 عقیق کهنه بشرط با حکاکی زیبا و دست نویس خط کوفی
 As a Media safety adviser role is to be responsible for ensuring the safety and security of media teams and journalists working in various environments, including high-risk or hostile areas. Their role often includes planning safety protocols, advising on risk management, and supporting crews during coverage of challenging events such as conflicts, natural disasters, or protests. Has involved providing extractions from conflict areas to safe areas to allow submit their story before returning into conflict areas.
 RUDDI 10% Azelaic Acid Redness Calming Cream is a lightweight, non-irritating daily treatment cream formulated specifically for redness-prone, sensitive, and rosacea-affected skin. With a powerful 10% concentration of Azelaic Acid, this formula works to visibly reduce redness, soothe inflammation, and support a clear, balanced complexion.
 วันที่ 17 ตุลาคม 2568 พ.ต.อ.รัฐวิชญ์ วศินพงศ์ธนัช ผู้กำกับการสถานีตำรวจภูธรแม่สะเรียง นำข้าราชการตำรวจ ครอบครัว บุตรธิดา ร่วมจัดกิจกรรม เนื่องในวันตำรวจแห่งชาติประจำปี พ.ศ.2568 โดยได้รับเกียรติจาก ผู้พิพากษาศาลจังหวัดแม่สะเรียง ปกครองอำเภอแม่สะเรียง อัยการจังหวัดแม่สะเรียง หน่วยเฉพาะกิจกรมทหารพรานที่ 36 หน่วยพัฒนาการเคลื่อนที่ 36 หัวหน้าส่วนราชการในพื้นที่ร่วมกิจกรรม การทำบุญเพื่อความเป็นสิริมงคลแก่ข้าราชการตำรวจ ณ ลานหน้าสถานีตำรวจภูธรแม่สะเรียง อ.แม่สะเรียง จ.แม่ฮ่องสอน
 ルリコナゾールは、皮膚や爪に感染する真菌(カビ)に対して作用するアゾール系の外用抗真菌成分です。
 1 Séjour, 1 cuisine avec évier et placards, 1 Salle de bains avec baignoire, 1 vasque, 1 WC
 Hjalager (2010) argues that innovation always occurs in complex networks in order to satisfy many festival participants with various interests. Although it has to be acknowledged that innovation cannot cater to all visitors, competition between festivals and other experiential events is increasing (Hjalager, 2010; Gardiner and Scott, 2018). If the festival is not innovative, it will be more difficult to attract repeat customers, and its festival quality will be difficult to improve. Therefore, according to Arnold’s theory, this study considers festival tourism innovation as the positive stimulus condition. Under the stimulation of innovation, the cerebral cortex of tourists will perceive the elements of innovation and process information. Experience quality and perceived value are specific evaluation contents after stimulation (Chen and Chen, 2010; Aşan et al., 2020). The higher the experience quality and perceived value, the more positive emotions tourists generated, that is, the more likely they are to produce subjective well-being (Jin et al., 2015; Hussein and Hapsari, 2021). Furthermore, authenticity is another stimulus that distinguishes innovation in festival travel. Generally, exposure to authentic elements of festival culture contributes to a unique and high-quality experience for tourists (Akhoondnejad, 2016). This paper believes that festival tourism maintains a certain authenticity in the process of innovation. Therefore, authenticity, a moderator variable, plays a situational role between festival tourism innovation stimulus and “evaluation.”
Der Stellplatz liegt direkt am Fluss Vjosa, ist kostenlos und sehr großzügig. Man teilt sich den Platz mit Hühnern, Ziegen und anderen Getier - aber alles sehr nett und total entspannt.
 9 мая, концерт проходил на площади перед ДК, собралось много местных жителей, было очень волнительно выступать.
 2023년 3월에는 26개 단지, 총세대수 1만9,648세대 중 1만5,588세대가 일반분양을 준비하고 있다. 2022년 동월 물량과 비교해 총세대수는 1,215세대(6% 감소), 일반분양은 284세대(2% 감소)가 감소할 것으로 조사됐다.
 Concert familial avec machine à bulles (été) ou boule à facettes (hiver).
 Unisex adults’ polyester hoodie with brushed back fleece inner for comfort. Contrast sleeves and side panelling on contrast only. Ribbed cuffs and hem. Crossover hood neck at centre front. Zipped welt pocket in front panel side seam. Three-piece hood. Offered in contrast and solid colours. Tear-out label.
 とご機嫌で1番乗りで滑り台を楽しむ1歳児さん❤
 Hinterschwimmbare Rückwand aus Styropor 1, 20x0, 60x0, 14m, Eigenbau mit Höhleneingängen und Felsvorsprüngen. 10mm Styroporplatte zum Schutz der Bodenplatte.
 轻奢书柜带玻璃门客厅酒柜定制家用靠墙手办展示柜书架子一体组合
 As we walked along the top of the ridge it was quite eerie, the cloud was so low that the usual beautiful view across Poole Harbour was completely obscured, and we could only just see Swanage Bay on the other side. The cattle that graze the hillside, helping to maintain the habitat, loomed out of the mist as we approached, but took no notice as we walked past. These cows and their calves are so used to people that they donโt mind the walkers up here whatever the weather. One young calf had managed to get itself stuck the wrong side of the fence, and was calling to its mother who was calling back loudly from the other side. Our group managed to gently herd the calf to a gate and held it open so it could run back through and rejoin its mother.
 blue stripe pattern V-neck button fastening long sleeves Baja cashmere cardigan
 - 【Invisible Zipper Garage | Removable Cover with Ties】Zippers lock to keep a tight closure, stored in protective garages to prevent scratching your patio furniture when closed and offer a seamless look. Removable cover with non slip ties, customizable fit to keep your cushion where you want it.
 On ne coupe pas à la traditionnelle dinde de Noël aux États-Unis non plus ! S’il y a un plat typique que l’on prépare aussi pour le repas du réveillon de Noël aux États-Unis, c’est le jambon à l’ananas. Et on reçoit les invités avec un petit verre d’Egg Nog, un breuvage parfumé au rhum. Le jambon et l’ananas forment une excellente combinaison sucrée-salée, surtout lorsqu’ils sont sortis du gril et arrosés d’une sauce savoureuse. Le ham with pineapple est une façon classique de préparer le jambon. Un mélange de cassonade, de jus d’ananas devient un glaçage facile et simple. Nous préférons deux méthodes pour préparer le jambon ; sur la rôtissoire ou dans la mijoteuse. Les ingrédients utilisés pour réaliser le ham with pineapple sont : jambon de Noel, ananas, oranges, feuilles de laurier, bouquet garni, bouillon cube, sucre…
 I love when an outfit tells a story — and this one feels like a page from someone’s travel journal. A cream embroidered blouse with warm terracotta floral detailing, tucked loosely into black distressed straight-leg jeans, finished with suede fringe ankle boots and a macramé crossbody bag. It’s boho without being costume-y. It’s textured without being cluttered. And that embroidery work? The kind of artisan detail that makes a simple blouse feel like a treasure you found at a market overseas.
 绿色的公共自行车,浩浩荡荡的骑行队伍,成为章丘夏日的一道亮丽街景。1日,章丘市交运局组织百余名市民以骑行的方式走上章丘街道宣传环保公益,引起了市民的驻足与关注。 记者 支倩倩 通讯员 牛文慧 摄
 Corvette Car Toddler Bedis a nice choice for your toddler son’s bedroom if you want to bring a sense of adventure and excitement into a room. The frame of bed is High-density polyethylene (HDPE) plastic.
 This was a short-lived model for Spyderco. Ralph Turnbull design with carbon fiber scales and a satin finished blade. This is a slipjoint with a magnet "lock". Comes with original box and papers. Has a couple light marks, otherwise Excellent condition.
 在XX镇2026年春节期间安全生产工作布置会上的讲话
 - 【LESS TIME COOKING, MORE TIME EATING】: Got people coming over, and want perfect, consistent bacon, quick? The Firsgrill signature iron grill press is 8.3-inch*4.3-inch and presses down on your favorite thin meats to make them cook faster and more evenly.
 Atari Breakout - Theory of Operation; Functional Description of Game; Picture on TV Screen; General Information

------------------------

What the task requires -
Give back all the data exactly as it was written.

Response below -
 عقیق کهنه بشرط با حکاکی زیبا و دست نویس خط کوفی
 As a Media safety adviser role is to be responsible for ensuring the safety and security of media teams and journalists working in various environments, including high-risk or hostile areas. Their role often includes planning safety protocols, advising on risk management, and supporting crews during coverage of challenging events such as conflicts, natural disasters, or protests. Has involved providing extractions from conflict areas to safe areas to allow submit their story before returning into conflict areas.
 RUDDI 10% Azelaic Acid Redness Calming Cream is a lightweight, non-irritating daily treatment cream formulated specifically for redness-prone, sensitive, and rosacea-affected skin. With a powerful 10% concentration of Azelaic Acid, this formula works to visibly reduce redness, soothe inflammation, and support a clear, balanced complexion.
 วันที่ 17 ตุลาคม 2568 พ.ต.อ.รัฐวิชญ์ วศินพงศ์ธนัช ผู้กำกับการสถานีตำรวจภูธรแม่สะเรียง นำข้าราชการตำรวจ ครอบครัว บุตรธิดา ร่วมจัดกิจกรรม เนื่องในวันตำรวจแห่งชาติประจำปี พ.ศ.2568 โดยได้รับเกียรติจาก ผู้พิพากษาศาลจังหวัดแม่สะเรียง ปกครองอำเภอแม่สะเรียง อัยการจังหวัดแม่สะเรียง หน่วยเฉพาะกิจกรมทหารพรานที่ 36 หน่วยพัฒนาการเคลื่อนที่ 36 หัวหน้าส่วนราชการในพื้นที่ร่วมกิจกรรม การทำบุญเพื่อความเป็นสิริมงคลแก่ข้าราชการตำรวจ ณ ลานหน้าสถานีตำรวจภูธรแม่สะเรียง อ.แม่สะเรียง จ.แม่ฮ่องสอน
 ルリコナゾールは、皮膚や爪に感染する真菌(カビ)に対して作用するアゾール系の外用抗真菌成分です。
 1 Séjour, 1 cuisine avec évier et placards, 1 Salle de bains avec baignoire, 1 vasque, 1 WC
 Hjalager (2010) argues that innovation always occurs in complex networks in order to satisfy many festival participants with various interests. Although it has to be acknowledged that innovation cannot cater to all visitors, competition between festivals and other experiential events is increasing (Hjalager, 2010; Gardiner and Scott, 2018). If the festival is not innovative, it will be more difficult to attract repeat customers, and its festival quality will be difficult to improve. Therefore, according to Arnold’s theory, this study considers festival tourism innovation as the positive stimulus condition. Under the stimulation of innovation, the cerebral cortex of tourists will perceive the elements of innovation and process information. Experience quality and perceived value are specific evaluation contents after stimulation (Chen and Chen, 2010; Aşan et al., 2020). The higher the experience quality and perceived value, the more positive emotions tourists generated, that is, the more likely they are to produce subjective well-being (Jin et al., 2015; Hussein and Hapsari, 2021). Furthermore, authenticity is another stimulus that distinguishes innovation in festival travel. Generally, exposure to authentic elements of festival culture contributes to a unique and high-quality experience for tourists (Akhoondnejad, 2016). This paper believes that festival tourism maintains a certain authenticity in the process of innovation. Therefore, authenticity, a moderator variable, plays a situational role between festival tourism innovation stimulus and “evaluation.”
Der Stellplatz liegt direkt am Fluss Vjosa, ist kostenlos und sehr großzügig. Man teilt sich den Platz mit Hühnern, Ziegen und anderen Getier - aber alles sehr nett und total entspannt.
 9 мая, концерт проходил на площади перед ДК, собралось много местных жителей, было очень волнительно выступать.
 2023년 3월에는 26개 단지, 총세대수 1만9,648세대 중 1만5,588세대가 일반분양을 준비하고 있다. 2022년 동월 물량과 비교해 총세대수는 1,215세대(6% 감소), 일반분양은 284세대(2% 감소)가 감소할 것으로 조사됐다.
 Concert familial avec machine à bulles (été) ou boule à facettes (hiver).
 Unisex adults’ polyester hoodie with brushed back fleece inner for comfort. Contrast sleeves and side panelling on contrast only. Ribbed cuffs and hem. Crossover hood neck at centre front. Zipped welt pocket in front panel side seam. Three-piece hood. Offered in contrast and solid colours. Tear-out label.
 とご機嫌で1番乗りで滑り台を楽しむ1歳児さん❤
 Hinterschwimmbare Rückwand aus Styropor 1, 20x0, 60x0, 14m, Eigenbau mit Höhleneingängen und Felsvorsprüngen. 10mm Styroporplatte zum Schutz der Bodenplatte.
 轻奢书柜带玻璃门客厅酒柜定制家用靠墙手办展示柜书架子一体组合
 As we walked along the top of the ridge it was quite eerie, the cloud was so low that the usual beautiful view across Poole Harbour was completely obscured, and we could only just see Swanage Bay on the other side. The cattle that graze the hillside, helping to maintain the habitat, loomed out of the mist as we approached, but took no notice as we walked past. These cows and their calves are so used to people that they donโt mind the walkers up here whatever the weather. One young calf had managed to get itself stuck the wrong side of the fence, and was calling to its mother who was calling back loudly from the other side. Our group managed to gently herd the calf to a gate and held it open so it could run back through and rejoin its mother.
 blue stripe pattern V-neck button fastening long sleeves Baja cashmere cardigan
 - 【Invisible Zipper Garage | Removable Cover with Ties】Zippers lock to keep a tight closure, stored in protective garages to prevent scratching your patio furniture when closed and offer a seamless look. Removable cover with non slip ties, customizable fit to keep your cushion where you want it.
 On ne coupe pas à la traditionnelle dinde de Noël aux États-Unis non plus ! S’il y a un plat typique que l’on prépare aussi pour le repas du réveillon de Noël aux États-Unis, c’est le jambon à l’ananas. Et on reçoit les invités avec un petit verre d’Egg Nog, un breuvage parfumé au rhum. Le jambon et l’ananas forment une excellente combinaison sucrée-salée, surtout lorsqu’ils sont sortis du gril et arrosés d’une sauce savoureuse. Le ham with pineapple est une façon classique de préparer le jambon. Un mélange de cassonade, de jus d’ananas devient un glaçage facile et simple. Nous préférons deux méthodes pour préparer le jambon ; sur la rôtissoire ou dans la mijoteuse. Les ingrédients utilisés pour réaliser le ham with pineapple sont : jambon de Noel, ananas, oranges, feuilles de laurier, bouquet garni, bouillon cube, sucre…
 I love when an outfit tells a story — and this one feels like a page from someone’s travel journal. A cream embroidered blouse with warm terracotta floral detailing, tucked loosely into black distressed straight-leg jeans, finished with suede fringe ankle boots and a macramé crossbody bag. It’s boho without being costume-y. It’s textured without being cluttered. And that embroidery work? The kind of artisan detail that makes a simple blouse feel like a treasure you found at a market overseas.
 绿色的公共自行车,浩浩荡荡的骑行队伍,成为章丘夏日的一道亮丽街景。1日,章丘市交运局组织百余名市民以骑行的方式走上章丘街道宣传环保公益,引起了市民的驻足与关注。 记者 支倩倩 通讯员 牛文慧 摄
 Corvette Car Toddler Bedis a nice choice for your toddler son’s bedroom if you want to bring a sense of adventure and excitement into a room. The frame of bed is High-density polyethylene (HDPE) plastic.
 This was a short-lived model for Spyderco. Ralph Turnbull design with carbon fiber scales and a satin finished blade. This is a slipjoint with a magnet "lock". Comes with original box and papers. Has a couple light marks, otherwise Excellent condition.
 在XX镇2026年春节期间安全生产工作布置会上的讲话
 - 【LESS TIME COOKING, MORE TIME EATING】: Got people coming over, and want perfect, consistent bacon, quick? The Firsgrill signature iron grill press is 8.3-inch*4.3-inch and presses down on your favorite thin meats to make them cook faster and more evenly.
 Atari Breakout - Theory of Operation; Functional Description of Game; Picture on TV Screen; General Information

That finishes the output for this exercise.